§ The task
Output the listing exactly, without its pictures.

§ Raw data
********
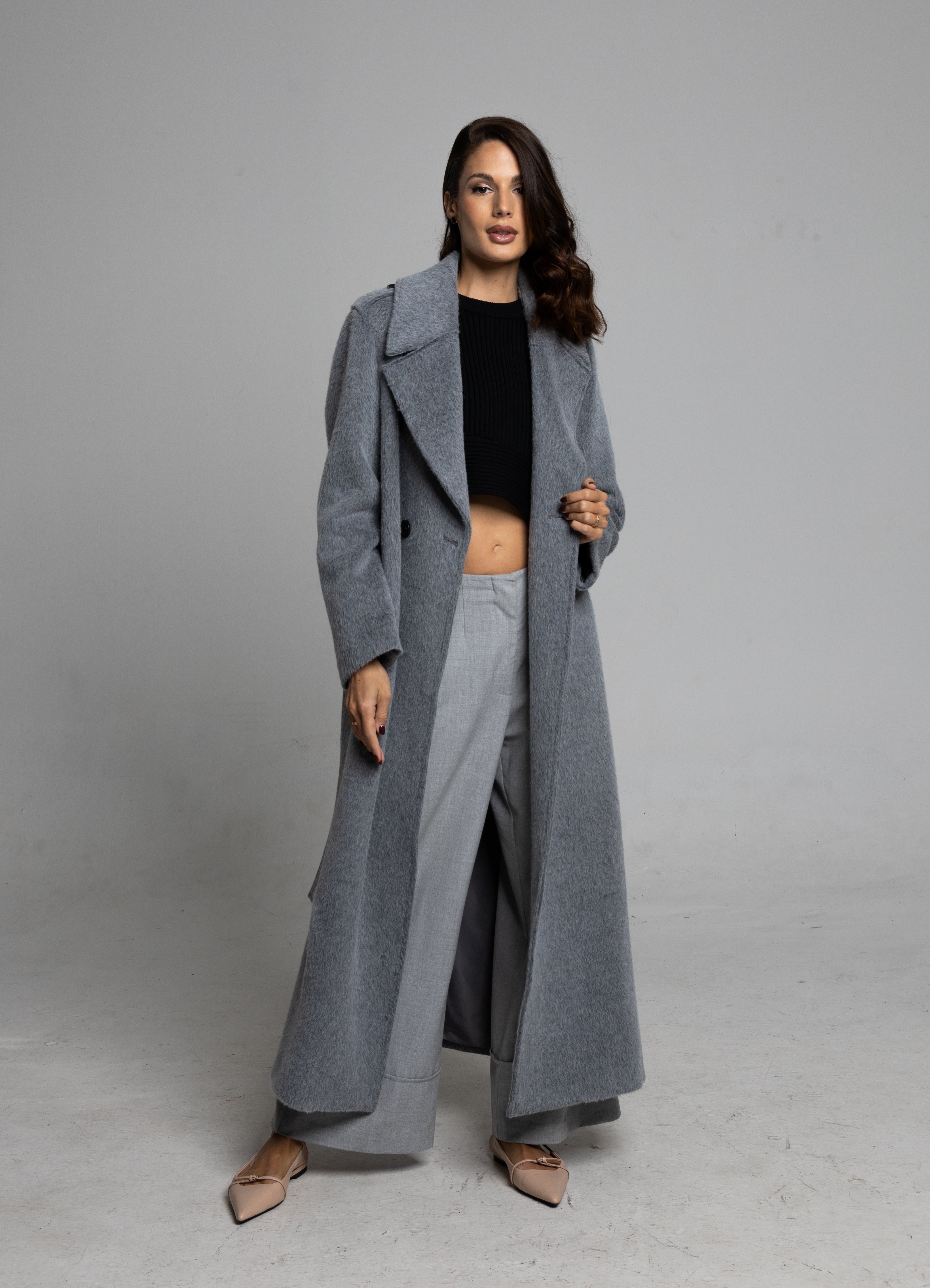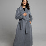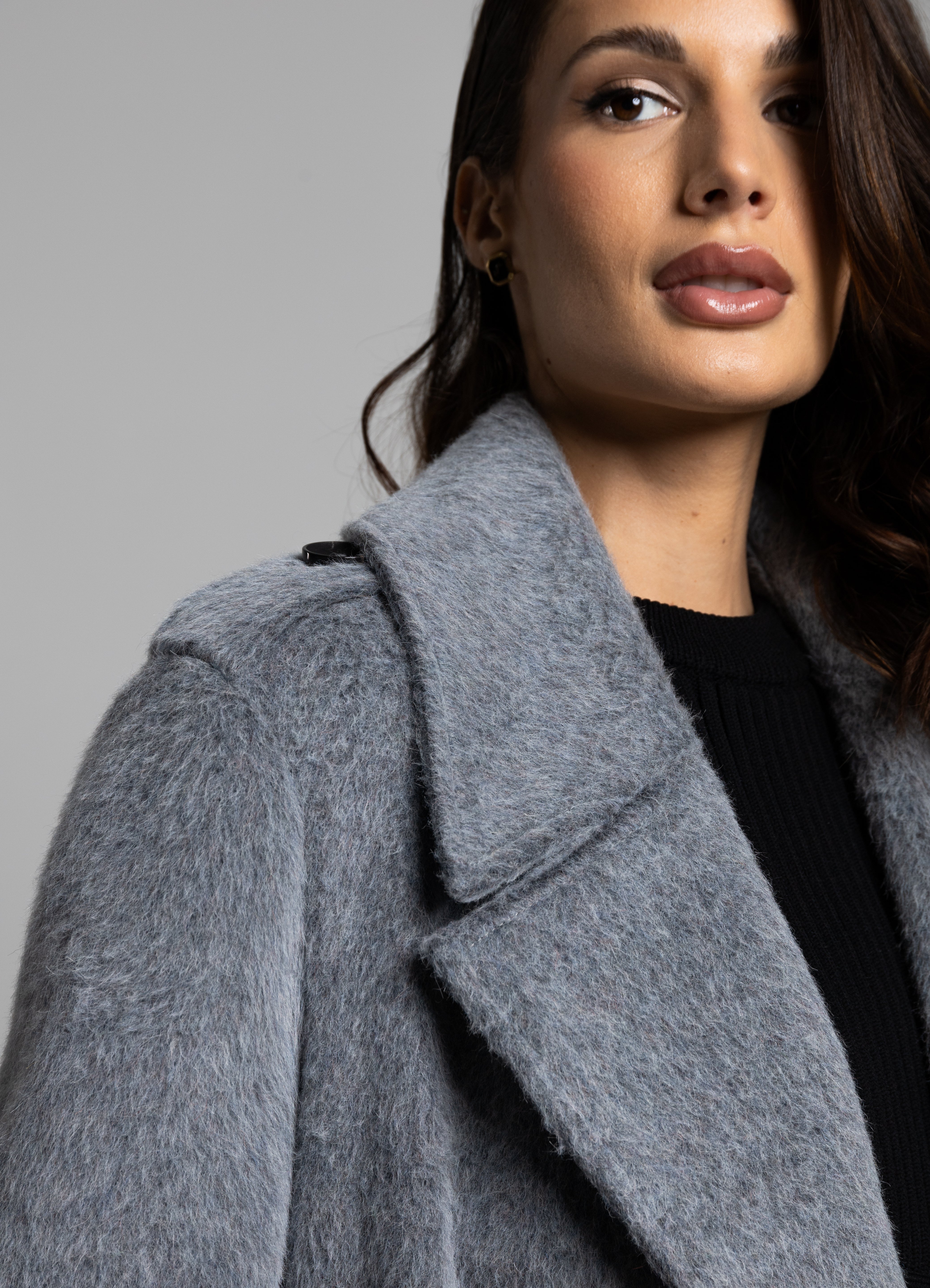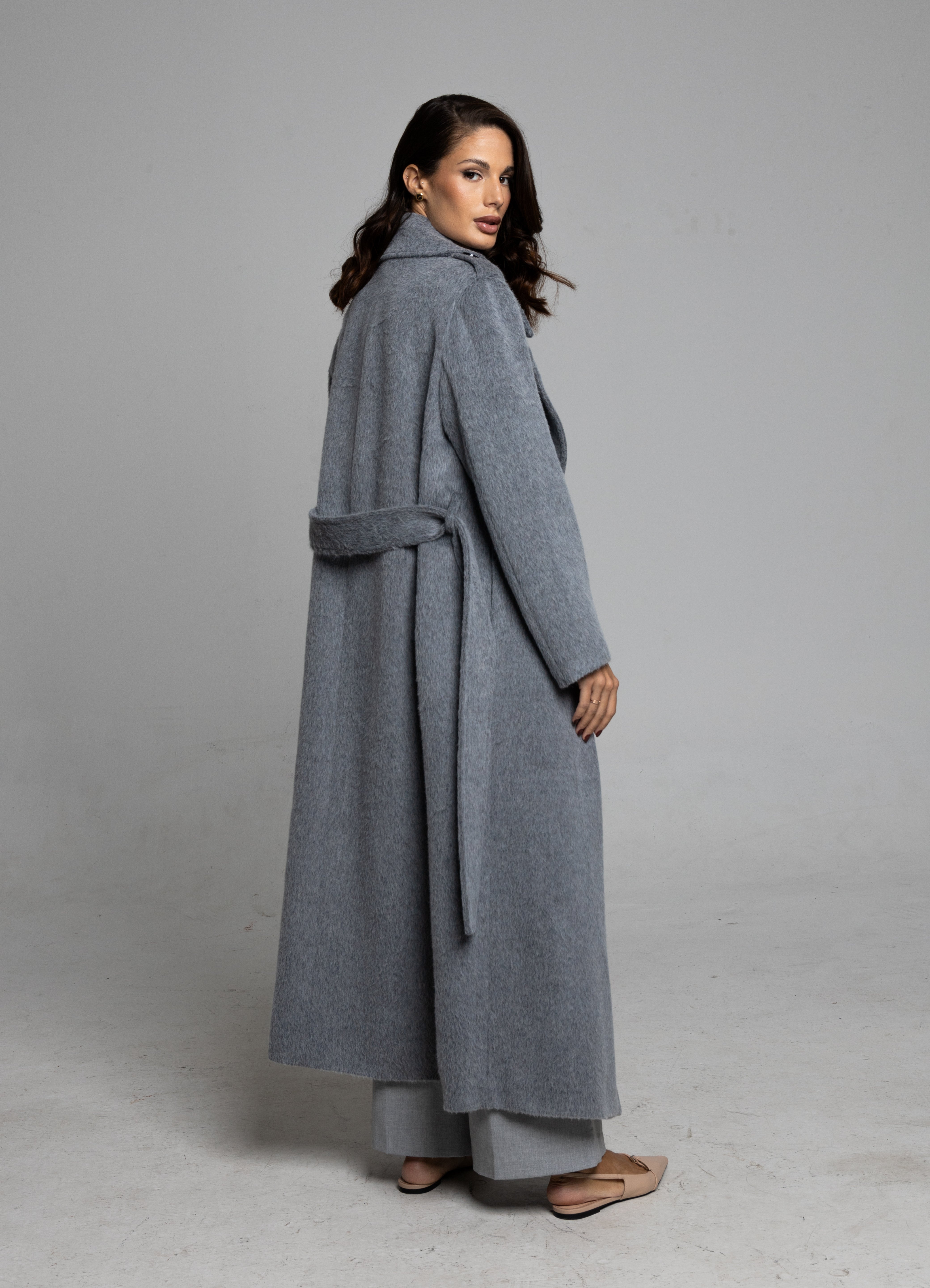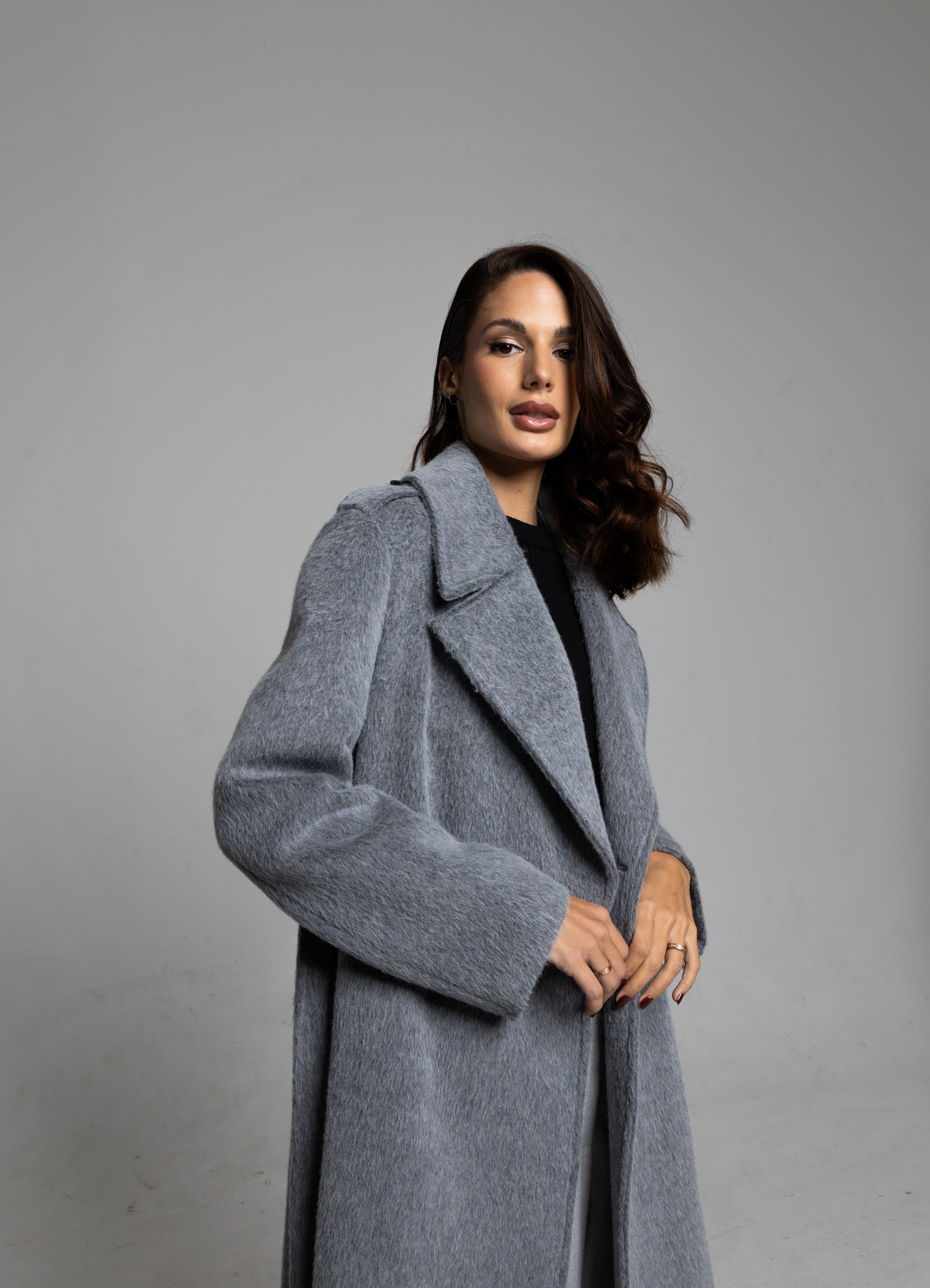 The JOY royal alpaca wool coat exudes elegance and exclusivity, showcasing the refined qualities of this extraordinary material. Renowned for its lightweight warmth, softness, and durability, alpaca is a luxurious choice that provides exceptional comfort and sophistication. The coat’s perfectly tailored shoulders enhance its silhouette, offering a flattering and polished look. Its versatile gray hue pairs effortlessly with any color, making it easy to style for any occasion. Elevate your wardrobe with this timeless piece, embodying a perfect blend of luxury and practicality.
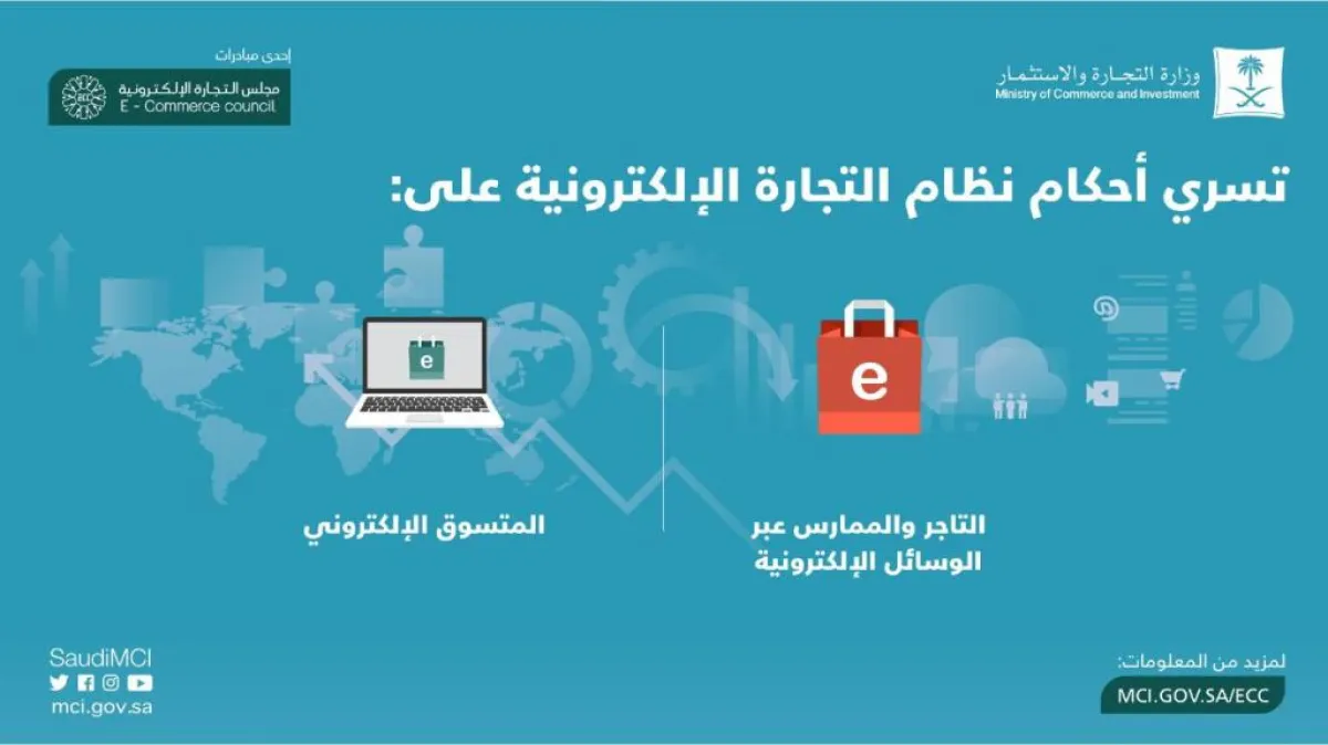 أوضحت وزارة التجارة والاستثمار السعودية، أن نظام التجارة الإلكترونية، الذي أقرَّه مجلس الوزراء الثلاثاء، "يعزز موثوقية التجارة الإلكترونية، ويزيد مساهمتها في الاقتصاد الوطني، بالتالي تحقيق أهداف الرؤية السعودية 2030 بتحفيز وتطوير أنشطة التجارة الإلكترونية".
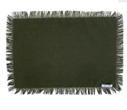 Lugar Americano em Linho modelo Franja cor oliva. Medidas: 35x50cm.
********
§ Reply
 The JOY royal alpaca wool coat exudes elegance and exclusivity, showcasing the refined qualities of this extraordinary material. Renowned for its lightweight warmth, softness, and durability, alpaca is a luxurious choice that provides exceptional comfort and sophistication. The coat’s perfectly tailored shoulders enhance its silhouette, offering a flattering and polished look. Its versatile gray hue pairs effortlessly with any color, making it easy to style for any occasion. Elevate your wardrobe with this timeless piece, embodying a perfect blend of luxury and practicality.
 أوضحت وزارة التجارة والاستثمار السعودية، أن نظام التجارة الإلكترونية، الذي أقرَّه مجلس الوزراء الثلاثاء، "يعزز موثوقية التجارة الإلكترونية، ويزيد مساهمتها في الاقتصاد الوطني، بالتالي تحقيق أهداف الرؤية السعودية 2030 بتحفيز وتطوير أنشطة التجارة الإلكترونية".
 Lugar Americano em Linho modelo Franja cor oliva. Medidas: 35x50cm.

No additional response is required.